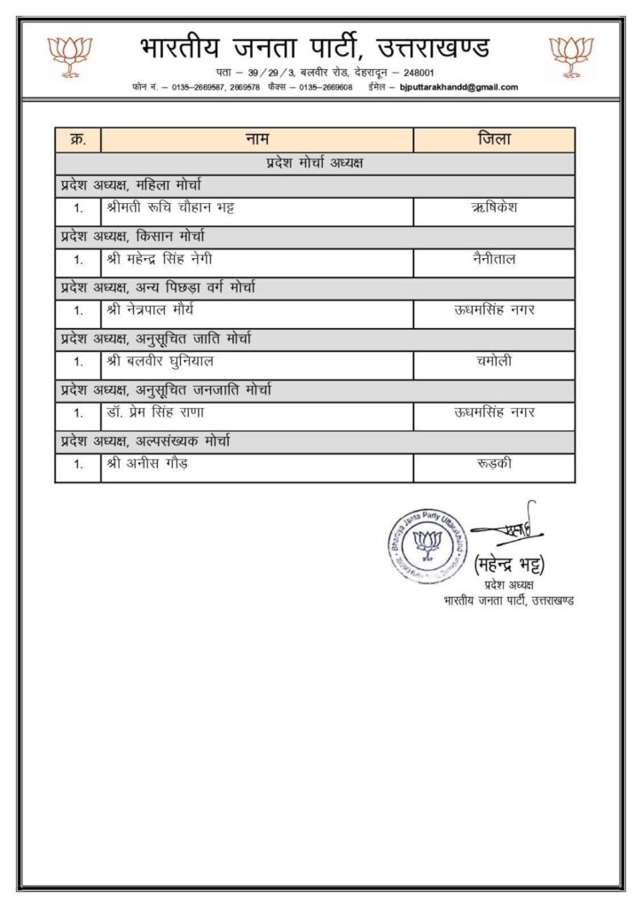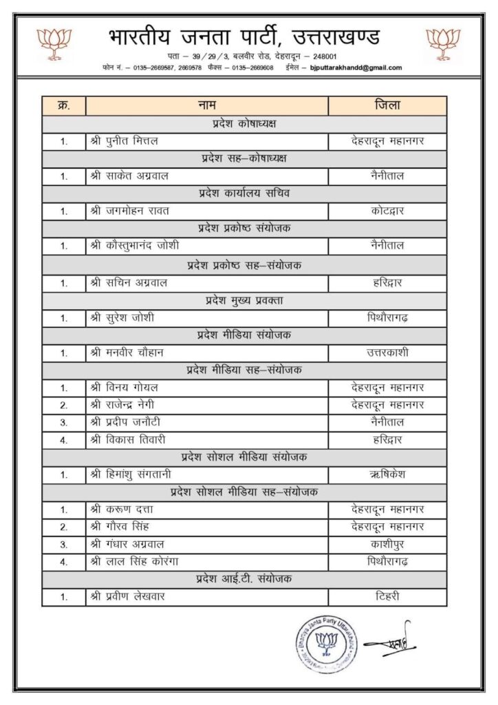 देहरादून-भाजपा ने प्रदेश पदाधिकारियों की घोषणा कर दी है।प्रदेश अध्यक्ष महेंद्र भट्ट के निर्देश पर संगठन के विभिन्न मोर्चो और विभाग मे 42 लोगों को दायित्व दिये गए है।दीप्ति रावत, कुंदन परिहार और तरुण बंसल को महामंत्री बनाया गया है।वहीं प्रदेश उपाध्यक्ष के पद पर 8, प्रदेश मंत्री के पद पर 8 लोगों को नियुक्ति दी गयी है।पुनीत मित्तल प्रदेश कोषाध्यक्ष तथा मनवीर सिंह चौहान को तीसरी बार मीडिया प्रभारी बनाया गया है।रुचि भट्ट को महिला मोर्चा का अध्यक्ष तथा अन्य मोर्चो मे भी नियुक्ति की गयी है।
==
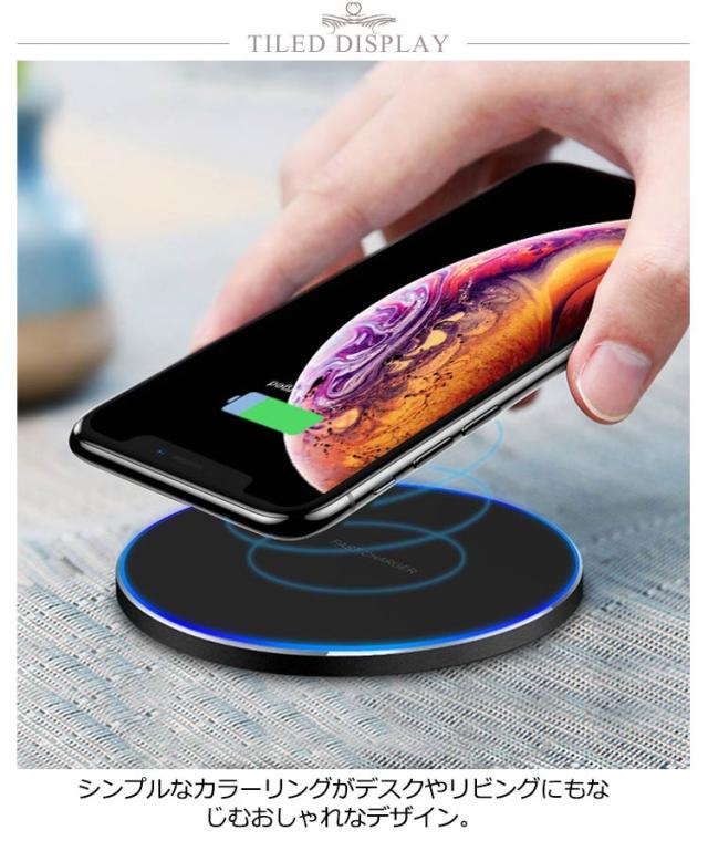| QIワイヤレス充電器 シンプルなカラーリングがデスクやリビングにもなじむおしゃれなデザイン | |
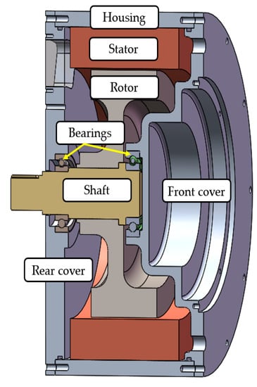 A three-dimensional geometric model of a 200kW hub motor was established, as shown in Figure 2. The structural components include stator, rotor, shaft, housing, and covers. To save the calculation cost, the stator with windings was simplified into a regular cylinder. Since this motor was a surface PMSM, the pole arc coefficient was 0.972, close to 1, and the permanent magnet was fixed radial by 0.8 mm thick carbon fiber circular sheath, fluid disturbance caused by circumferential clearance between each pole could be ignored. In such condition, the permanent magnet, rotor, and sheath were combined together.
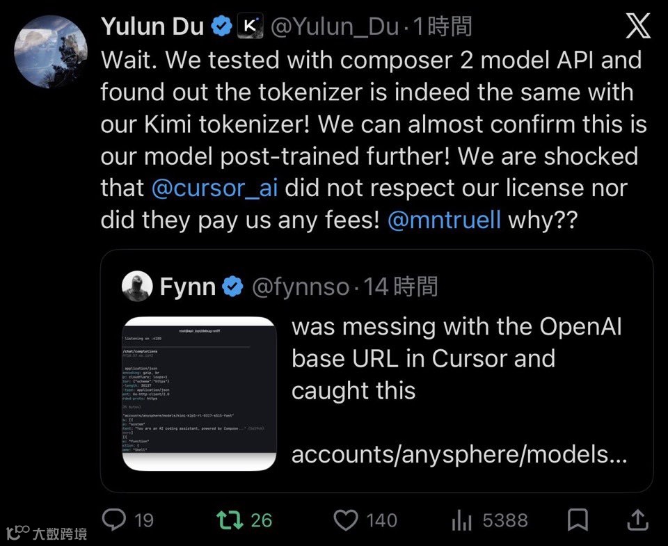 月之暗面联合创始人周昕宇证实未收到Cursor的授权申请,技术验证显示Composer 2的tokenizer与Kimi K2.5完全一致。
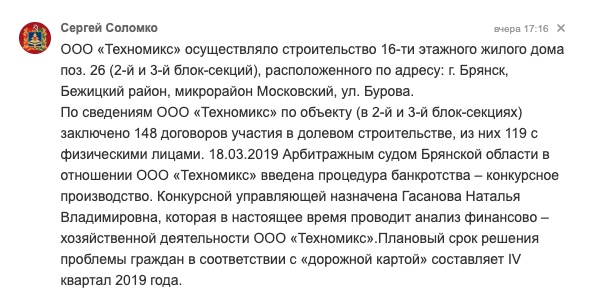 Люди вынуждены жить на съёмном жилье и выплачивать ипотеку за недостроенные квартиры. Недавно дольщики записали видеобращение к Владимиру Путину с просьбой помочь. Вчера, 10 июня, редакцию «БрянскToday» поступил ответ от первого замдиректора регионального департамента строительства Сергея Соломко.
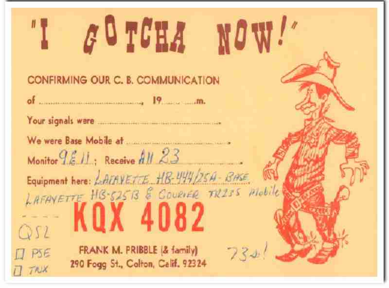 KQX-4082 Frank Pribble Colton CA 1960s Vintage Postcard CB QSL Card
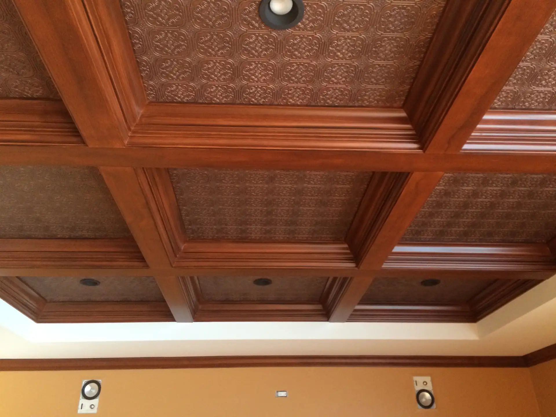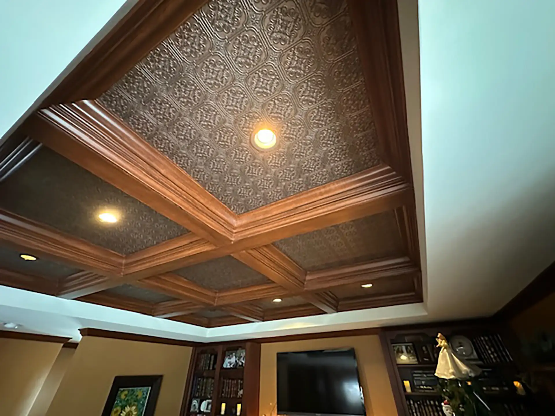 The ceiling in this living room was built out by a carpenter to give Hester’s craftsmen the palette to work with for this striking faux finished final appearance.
* * *
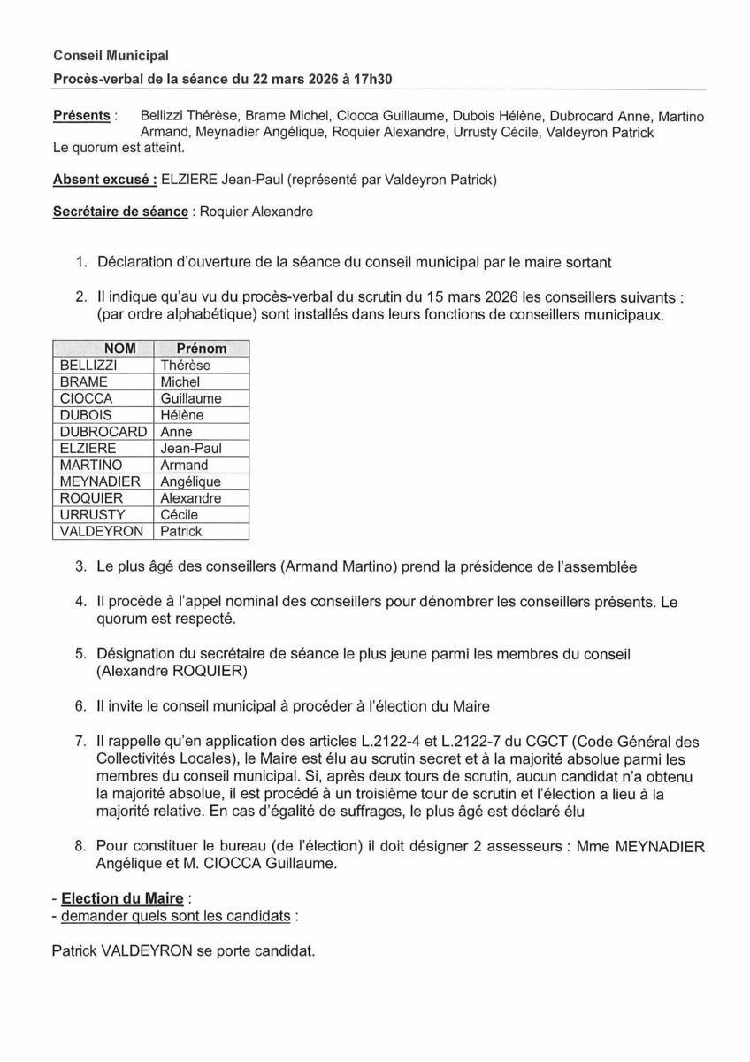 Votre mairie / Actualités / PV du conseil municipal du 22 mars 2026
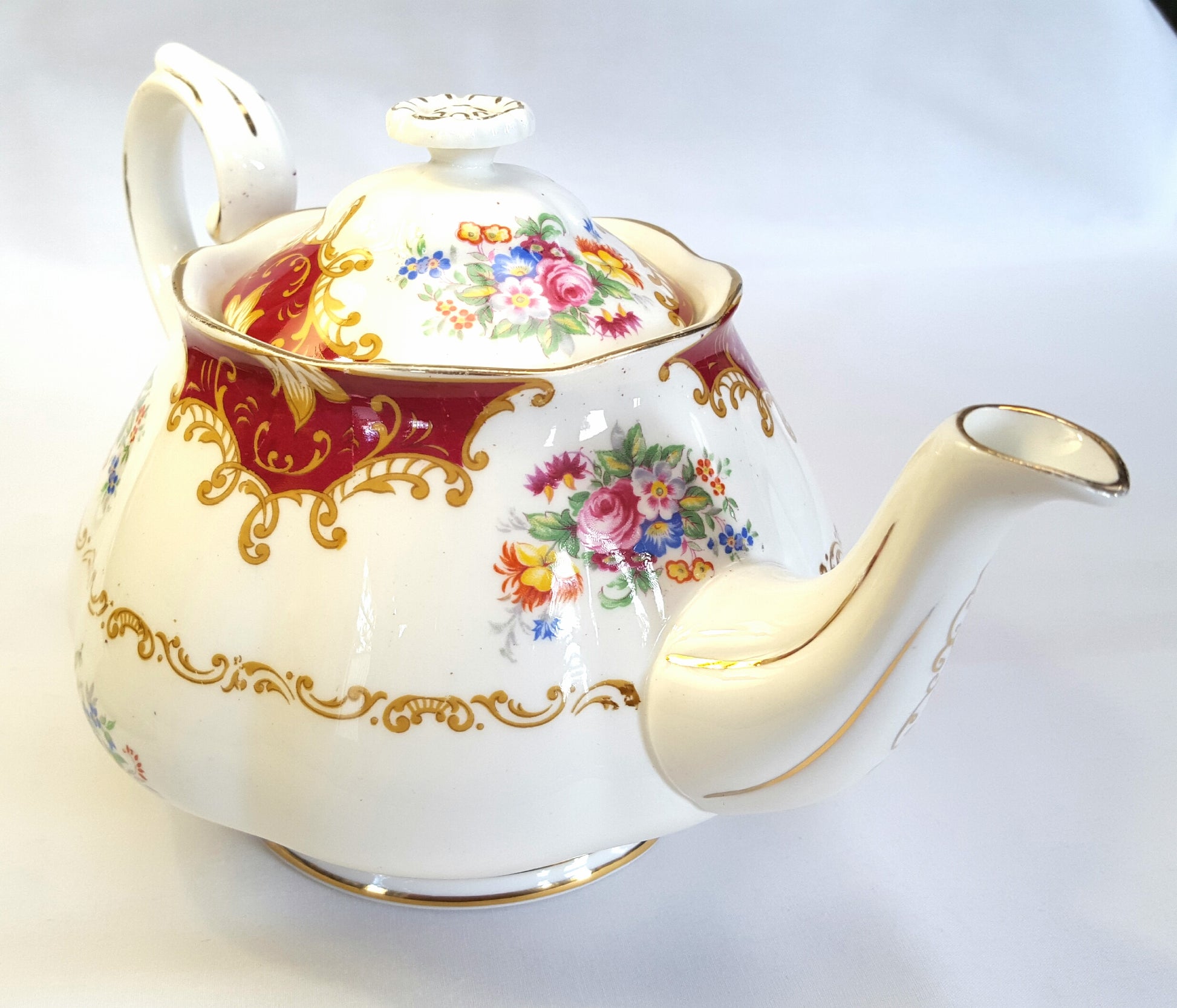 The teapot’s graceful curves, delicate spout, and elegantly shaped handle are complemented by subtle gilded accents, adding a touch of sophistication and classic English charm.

### To do
Print, word for word, the lines above that run from the line containing "Votre mairie /" to the line containing "The teapot’s graceful", both included. Keep the pictures out.

### Response area
 Votre mairie / Actualités / PV du conseil municipal du 22 mars 2026
 The teapot’s graceful curves, delicate spout, and elegantly shaped handle are complemented by subtle gilded accents, adding a touch of sophistication and classic English charm.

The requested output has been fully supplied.